# Dataset records
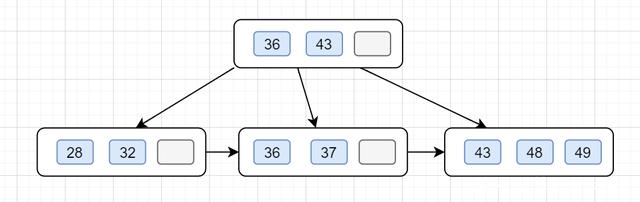 以一颗4阶的B+树为例子吧,4阶的话,关键值最多3(m-1)个。假设插入以下数据43,48,36,32,37,49,28。
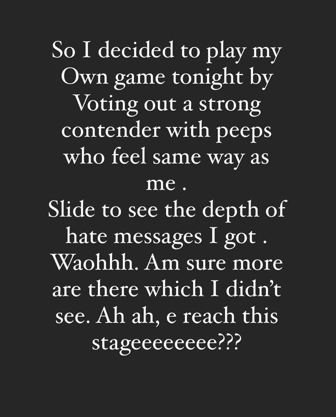 “So I decided to play my Own game tonight by Voting out a strong contender with peeps who feel the same way as me. Slide to see the depth of hate messages I got. Waohhh. Am sure more are there which I didn’t see. Ah ah, e reach this stageeeeeeee???”.
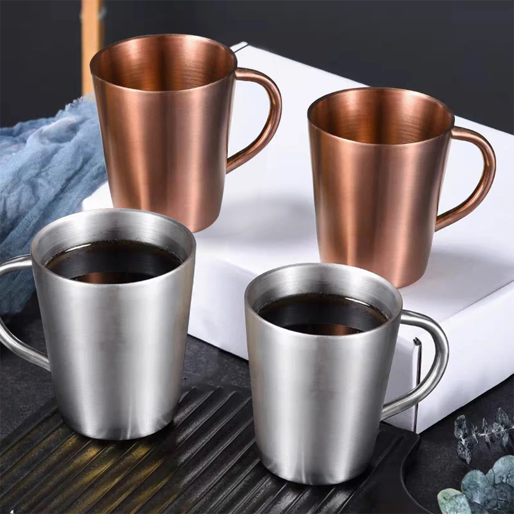 스테인레스 스틸 커피 머그잔, 더블 레이어 찻잔, 여행 음료 컵, 홈 오피스 바 용품, 로즈 골드
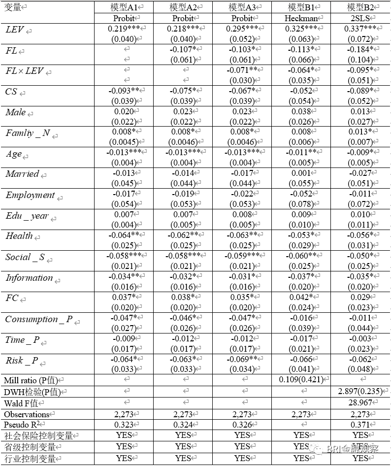 注:本文也控制了家庭财务管理者的工作类型、主观态度、对宗教、法律与政治的看法、成员社保参与情况、收入分位组、互联网使用、工作行业和省级虚拟变量等变量。
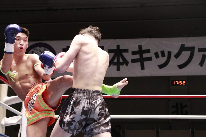 長いリーチからダイナミックなパンチを繰り出すカサドに、希祈は下がりながらも右ストレート、左フックを返す。左ミドルもしっかり当てる希祈。
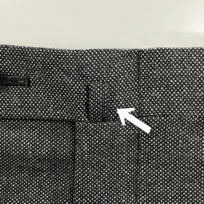 このループにベルトのピンを差し込んでおけば、股上浅いパンツを履いた際に出やすいフロント部分の下がりを回避することができます。
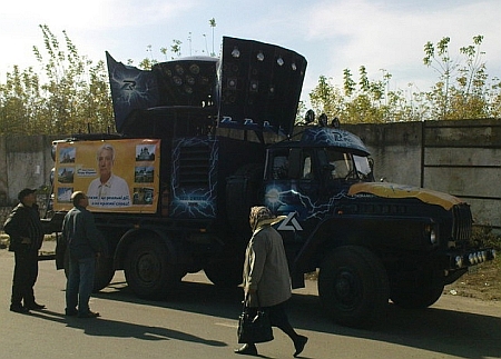 В субботу в Бурыне, что на Сумщине, из громкоговорителей звучали рассказы о достижениях Виктора Ющенко, несколько песен Святослава Вакарчука и Стаса Михайлова.
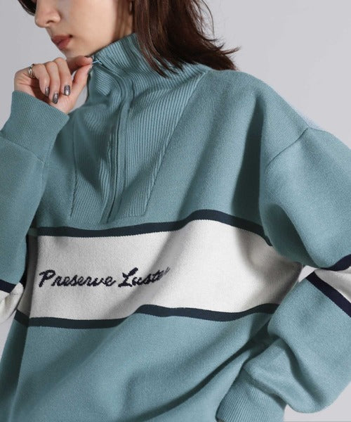スポーティーかつ古着ライクな配色切り替えとグラフィックが印象的なニットプルオーバー。
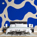 Dette dristige tapet skiller sig ud med sit abstrakte mønster af intense blå flydende former på en blød beige baggrund. De uregelmæssige linjer og organiske kurver skaber en følelse af bevægelse og modernitet, der straks fanger øjet og forvandler enhver væg til et centrum.
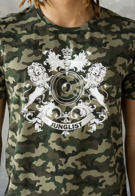 Junglist Coat Of Arms T Shirt Jungle Massive Crest Drum and Bass DJ & Synth Music Producer Festival Camo Camouflage Graphic Printed Tee
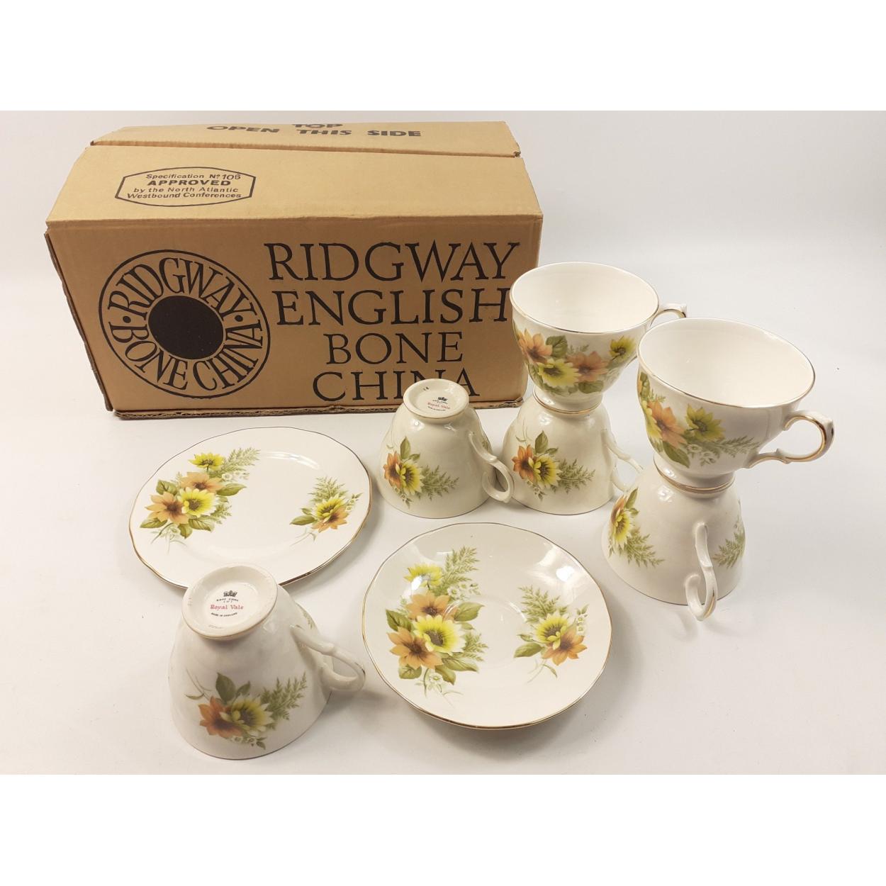 RIDGWAY ROYAL VALE tea service in box. Comprises six each of side plates, cups and saucers. A very pretty floral pattern and in good condition.
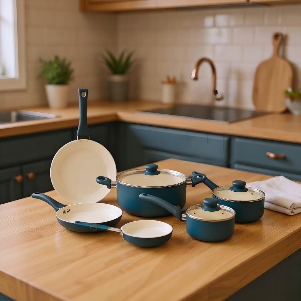 • Complete Essential Set: This set includes all the basic cookware and kitchen utensils you need for daily cooking, such as saucepans, frying pans, stock pots, and matching utensils.
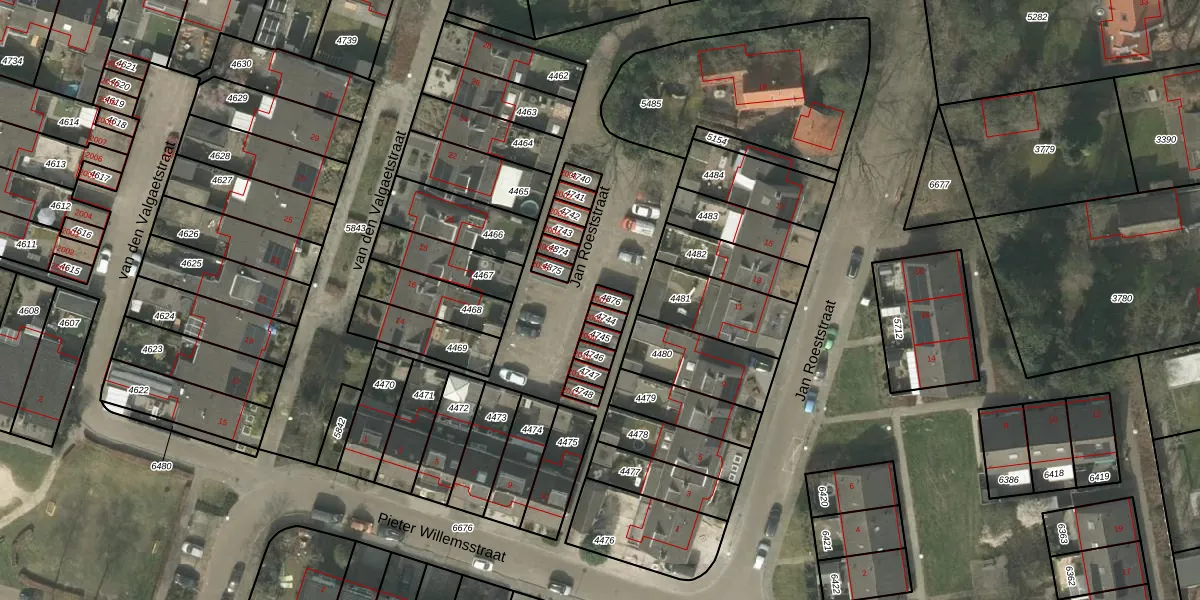 Het perceel waarop Jan Roeststraat 2007 staat heeft een oppervlakte van 21 m². Dit is een klein perceel. De perceeloppervlakte wordt geregistreerd door het Kadaster. Gedetailleerde informatie over de maten van dit perceel kunt u vinden in het rapport Kadastrale kaart met maatvoering van Jan Roeststraat 2007.

# What is needed
Without including any picture, restate every entry above exactly.

# Written answer
 以一颗4阶的B+树为例子吧,4阶的话,关键值最多3(m-1)个。假设插入以下数据43,48,36,32,37,49,28。
 “So I decided to play my Own game tonight by Voting out a strong contender with peeps who feel the same way as me. Slide to see the depth of hate messages I got. Waohhh. Am sure more are there which I didn’t see. Ah ah, e reach this stageeeeeeee???”.
 스테인레스 스틸 커피 머그잔, 더블 레이어 찻잔, 여행 음료 컵, 홈 오피스 바 용품, 로즈 골드
 注:本文也控制了家庭财务管理者的工作类型、主观态度、对宗教、法律与政治的看法、成员社保参与情况、收入分位组、互联网使用、工作行业和省级虚拟变量等变量。
 長いリーチからダイナミックなパンチを繰り出すカサドに、希祈は下がりながらも右ストレート、左フックを返す。左ミドルもしっかり当てる希祈。
 このループにベルトのピンを差し込んでおけば、股上浅いパンツを履いた際に出やすいフロント部分の下がりを回避することができます。
 В субботу в Бурыне, что на Сумщине, из громкоговорителей звучали рассказы о достижениях Виктора Ющенко, несколько песен Святослава Вакарчука и Стаса Михайлова.
スポーティーかつ古着ライクな配色切り替えとグラフィックが印象的なニットプルオーバー。
 Dette dristige tapet skiller sig ud med sit abstrakte mønster af intense blå flydende former på en blød beige baggrund. De uregelmæssige linjer og organiske kurver skaber en følelse af bevægelse og modernitet, der straks fanger øjet og forvandler enhver væg til et centrum.
 Junglist Coat Of Arms T Shirt Jungle Massive Crest Drum and Bass DJ & Synth Music Producer Festival Camo Camouflage Graphic Printed Tee
 RIDGWAY ROYAL VALE tea service in box. Comprises six each of side plates, cups and saucers. A very pretty floral pattern and in good condition.
 • Complete Essential Set: This set includes all the basic cookware and kitchen utensils you need for daily cooking, such as saucepans, frying pans, stock pots, and matching utensils.
 Het perceel waarop Jan Roeststraat 2007 staat heeft een oppervlakte van 21 m². Dit is een klein perceel. De perceeloppervlakte wordt geregistreerd door het Kadaster. Gedetailleerde informatie over de maten van dit perceel kunt u vinden in het rapport Kadastrale kaart met maatvoering van Jan Roeststraat 2007.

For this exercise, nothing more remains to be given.